KL-12 Microcirculation can be a Wonderful Mirror for Blood Substitutes Performance
Professor Ruijuan Xiu, M.D., Ph.D. [email protected]
XI ISBS Executive Vice President Director, Institute of Microcirculation, Chinese Academy of Medical Sciences & Peking Union Medical College, Beijing 100005, China
Our early clinical and experimental studies on endotoxin shock during fulminant epidemic meningitis among children and acute Cor pulmonale showed that the microcirculation acts as a “Mirror” reflecting severe spasm and constriction of the arterioles and precapillaries in producing local ischemia and anoxemia, which can lead to respiratory failure or coma and even death depending on whether the lung or brain was affected. In 12 cor pulmonale patients with diminished nail-bed microcirculation, 6 had encephalopathy and one had hemiplegia. The capillary density (CD) on the nailfold was a important parameter for evaluation of the degree of blood perfusion in tissue and organs of this patients. Expansion blood volume was one of the key diplomacy to save patient's life. It was found, that the key medicine used to save these patients from endotoxin shock was not vaso-dilator, but microvascular vasomotion regulator.
In 1987–1988, the author studied the vascular perturbations associated with AIDs in San Francisco and Stockholm (Ruslagstull Hospital). Video-microscopy of the nail-fold microcirculation was performed on 11 American and European AIDS patients and 11 healthy European adults. Severe microvascular dysfunction was demonstrated in the AIDS patients: Normal spontaneous fluctuations in the control capillary blood flow were not present. The endothelial cells in the capillary wall were damaged significantly. Permeation of the capillary wall by a heterogeneous mass made the vessel boundaries indistinct and serving to narrow the lumen. A computer image analysis indicated part of the heterogeneous mass was in the endothelial cells cytoplasm. Extravasation of red blood cells was seen in three patients. All patients were found to be suffering from Kaposi's sarcoma.

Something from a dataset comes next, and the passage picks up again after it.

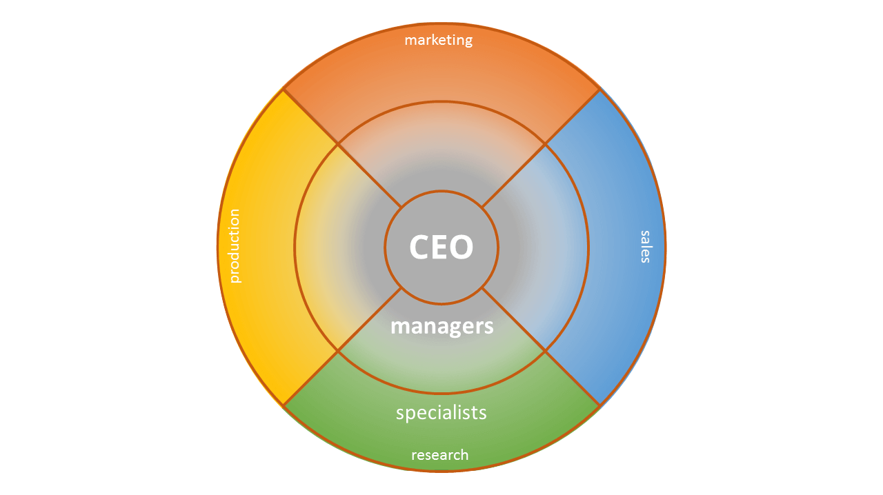 Aunque en este tipo de organigrama no desaparece la estructura jerárquica, esta se suaviza, pues la dirección no se encuentra en la cúspide de la organización sino en una posición central. Esto lleva implícita la idea de que el CEO no interviene tan directamente en el trabajo de los empleados y en su lugar comunica sus visiones empresariales de dentro hacia fuera. Solo existen algunos niveles en la dirección intermedia, por lo que los jefes de departamento suelen tener a su cargo a un mayor número de empleados, esto es, la cadena de mandos es más corta.

Based on the above studies, in 1985, a National Key Lab was established in the CAMS. A serial of experments was done in order to investigate the significance of microcirculatory dysfunction in the pathogenesis of major diseases. The role of O2 in treatment of ischemic diseases was emphasized, because many such patients received abundant O2 via inhalation at the last stage of their life while the capillary loops were dilated and filled with oxygen saturated blood. It was found that as bath PO2 was increased, a progressive constriction of A1, A2 and A3 order arterioles in the cremaster muscle of normotensive and hypertensive rats occurred. Maximum constriction occurred at bath PO2 of 40-60mmHg. At bath PO2 beyond 80mmHg, the constricted vessels began to dilate and irreversible dilation could be caused when bath PO2was higher than 90mmHg. It was also found that H2O2 can directly induce the hypertrophic response of neonatal Wistar rat cardiomyocytes, and H2O2 mediated the regulation of cardiomyocyte hypertyophy through different isoforms of PKC. In summary, it is desirable that blood substitutes act as Oxygen Carriers, but it is important to establish the optimal capacity of these Oxygen Carriers.